Belle-whisper-large-v3-zh-punct
Property | Value |
---|---|
License | Apache 2.0 |
Author | BELLE-2 |
Framework | PyTorch |
Task | Automatic Speech Recognition |
What is Belle-whisper-large-v3-zh-punct?
Belle-whisper-large-v3-zh-punct is an advanced Chinese ASR model that enhances the original Whisper large-v3 architecture with improved punctuation capabilities. This model maintains excellent performance on standard benchmarks while adding sophisticated punctuation mark handling derived from the punc_ct-transformer model.
Implementation Details
The model implements LoRA fine-tuning techniques on multiple Chinese speech datasets including AISHELL-1, AISHELL-2, WenetSpeech, and HKUST. It operates at a 16KHz sample rate and achieves impressive Character Error Rates (CER) across various benchmarks.

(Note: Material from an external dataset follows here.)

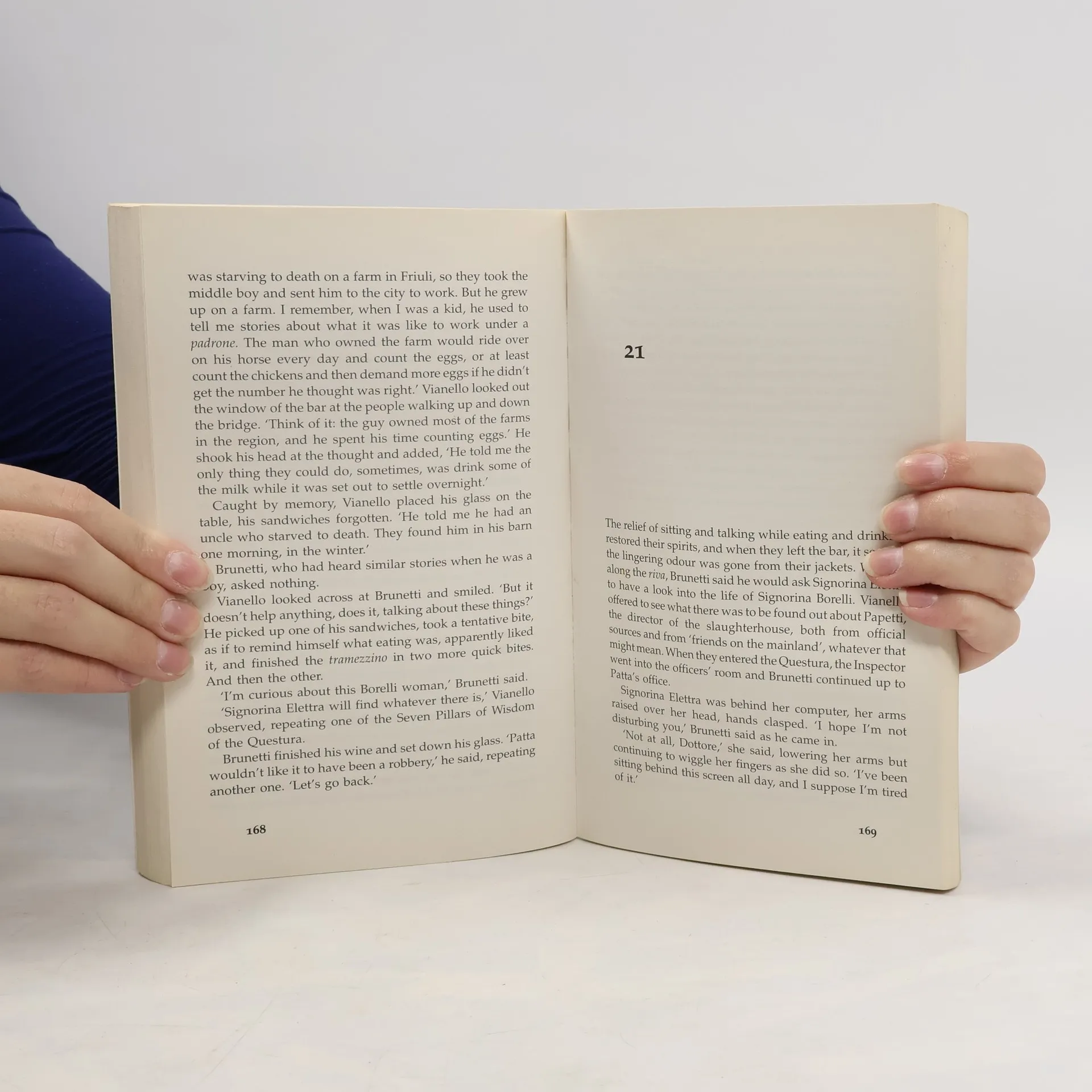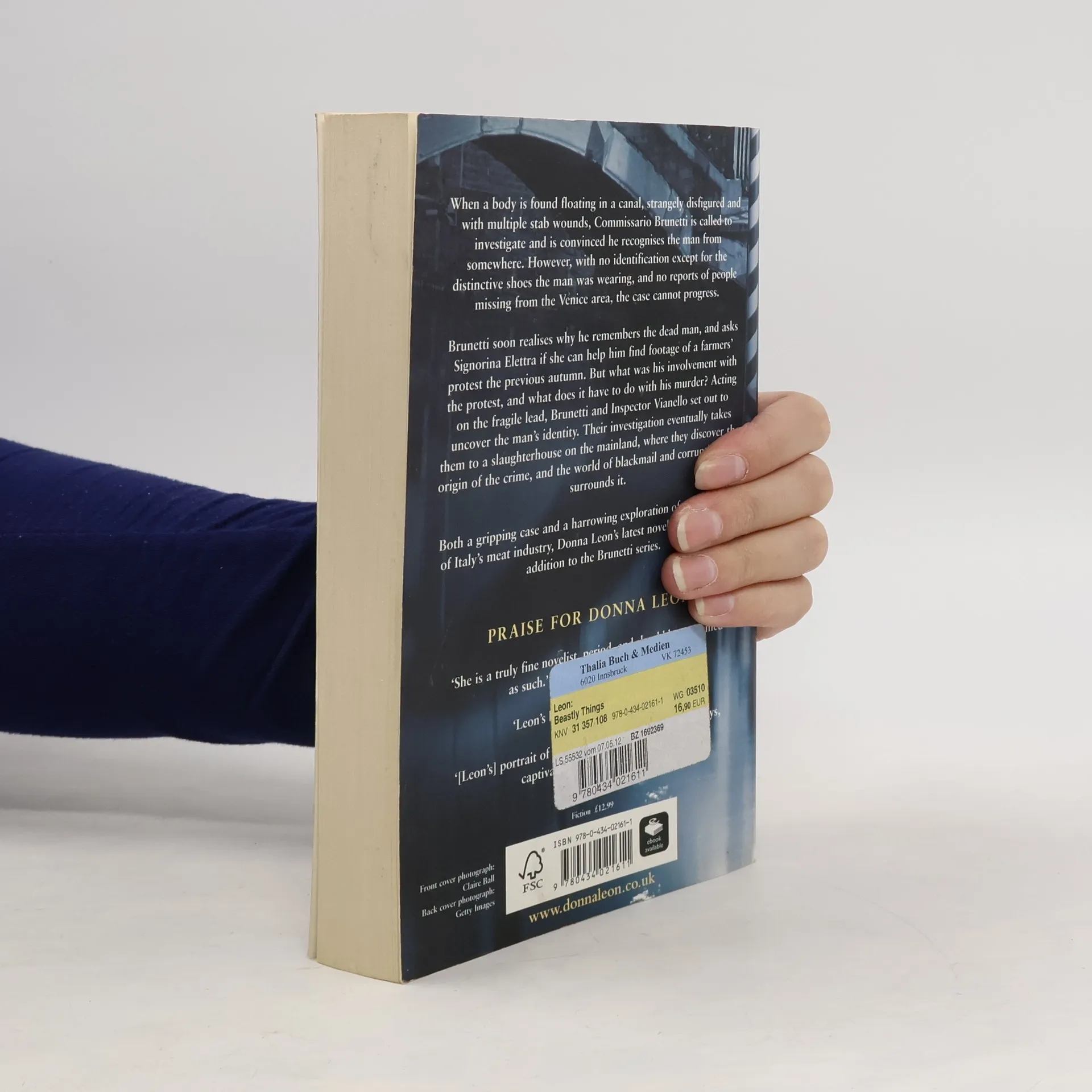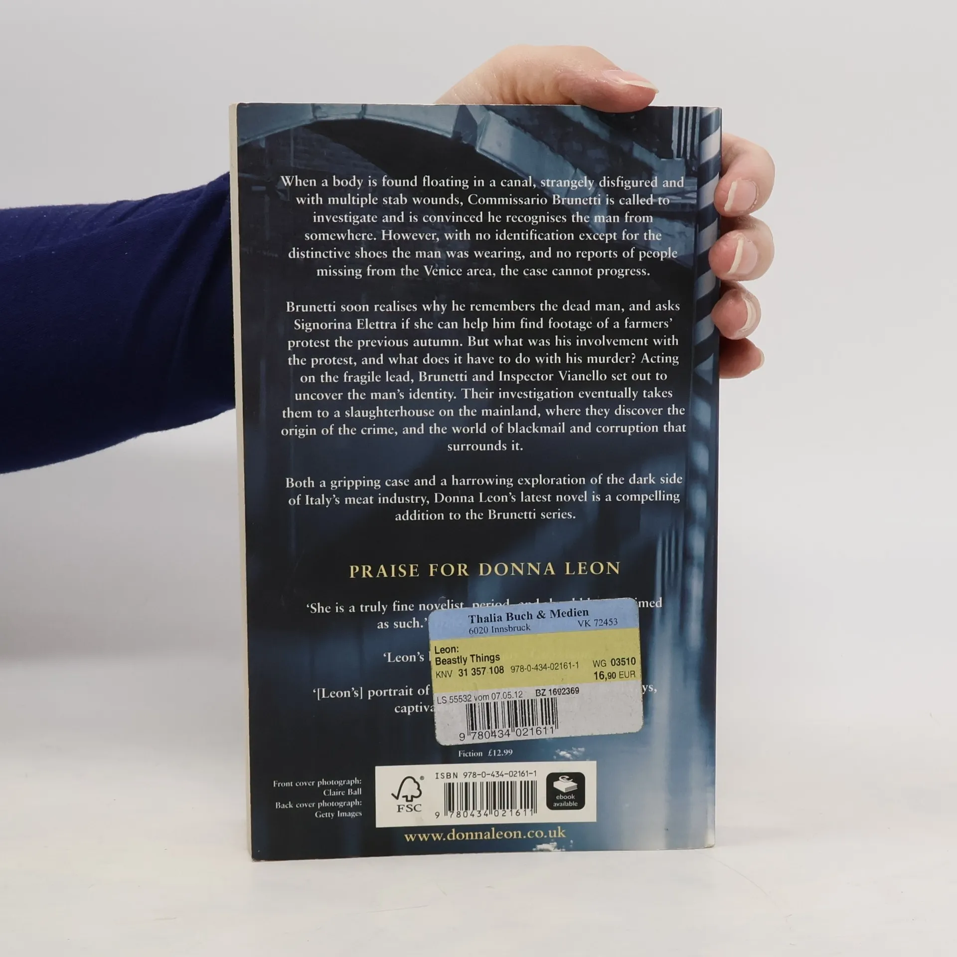 When a man is found stabbed to death floating in the canal, Commissario Brunetti is convinced he recognises him from somewhere. But with no identification on the body and no reports of people missing from the Venice area, it seems as if he has appeared from nowhere, and the case is at a dead end. It doesn't take long for Brunetti to realise why he remembers the dead man - he saw him at a demonstration a couple of years ago, where farmers were protesting about European milk quotas. But what was his involvement with the protest, and could it have anything to do with his murder? Having nothing to go on but the distinctive shoes the man was wearing, and a disease that had left his body strangely deformed, Brunetti and Inspector Vianello set out to try and discover the man's identity. Their investigation eventually takes them to a slaughterhouse at Preganziol, on the mainland. It is there that Brunetti discovers the dead man's connection with the slaughterhouse, and the world of blackmail and corruption that surrounds it. With a gripping case set before a harrowing exploration of the meat industry, Donna Leon's latest novel is a dark and compelling addition to the Brunetti series.

- Advanced punctuation handling while maintaining base ASR performance
- Optimized for complex acoustic environments
- Demonstrates improved performance in meeting scenarios (10.973% CER on WenetSpeech meeting dataset)
Core Capabilities
- State-of-the-art Chinese speech recognition with CER as low as 2.945% on AISHELL-1
- Enhanced punctuation mark processing
- Robust performance across various acoustic environments
- Seamless integration with the Transformers pipeline
Frequently Asked Questions
Q: What makes this model unique?
This model uniquely combines high-quality Chinese ASR capabilities with enhanced punctuation handling, achieved through careful LoRA fine-tuning without compromising the base model's performance.
Q: What are the recommended use cases?
The model is particularly well-suited for Chinese speech transcription tasks requiring accurate punctuation, especially in challenging acoustic environments like meetings and complex audio scenarios.